Environmental enrichment reverses cognitive and molecular deficits induced by developmental lead exposure
Article first published online: 25 NOV 2002
Copyright © 2002 Wiley-Liss, Inc.
Annals of Neurology
Volume 53, Issue 1, pages 50–56, January 2003
How to Cite
Guilarte, T. R., Toscano, C. D., McGlothan, J. L. and Weaver, S. A. (2003), Environmental enrichment reverses cognitive and molecular deficits induced by developmental lead exposure. Ann Neurol., 53: 50–56. doi: 10.1002/ana.10399
- Issue published online: 31 DEC 2002
- Article first published online: 25 NOV 2002
- Manuscript Accepted: 23 AUG 2002
- Manuscript Revised: 5 AUG 2002
- Manuscript Received: 20 JUN 2002
- National Institute of Environmental Health Sciences. Grant Numbers: ES06189, ES07141
Long-term deficits in cognitive function are the principal effects of lead (Pb2+) exposure in children and can be modeled in experimental animals. Current therapeutic approaches in the treatment of childhood Pb2+ intoxication are not effective in reversing learning deficits once they have occurred. We report that environmental enrichment reverses long-term deficits in spatial learning produced by developmental Pb2+ exposure in rats.
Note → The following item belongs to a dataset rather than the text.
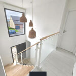 L’escalier est doté d’un garde-corps et d’une rampe en verre, offrant une transparence qui amplifie la sensation d’espace tout en ajoutant une touche sophistiquée. Le verre permet de maintenir une vue dégagée et d’apporter une lumière naturelle, créant une ambiance lumineuse et aérée.

Enhanced learning performance of Pb2+-exposed animals reared in an enriched environment was associated with recovery of deficits in N-methyl-D-aspartate receptor subunit 1 (NR1) mRNA and induction of brain-derived neurotrophic factor (BDNF) mRNA in the hippocampus. The effect of environmental enrichment on NR1 and BDNF gene expression was specific to Pb2+-exposed animals and was present in the absence of changes in the NR2B subunit of the N-methyl-D-aspartate receptor, GluR1, αCamKII, or PSD-95 gene expression measured in the same animals. Our findings demonstrate that the learning impairments and NR1 subunit mRNA deficits resulting from developmental Pb2+ exposure are reversible if the animals are provided with an enriched environment even after the exposure has occurred. We propose environmental enrichment as a basis for the treatment of childhood Pb2+ intoxication.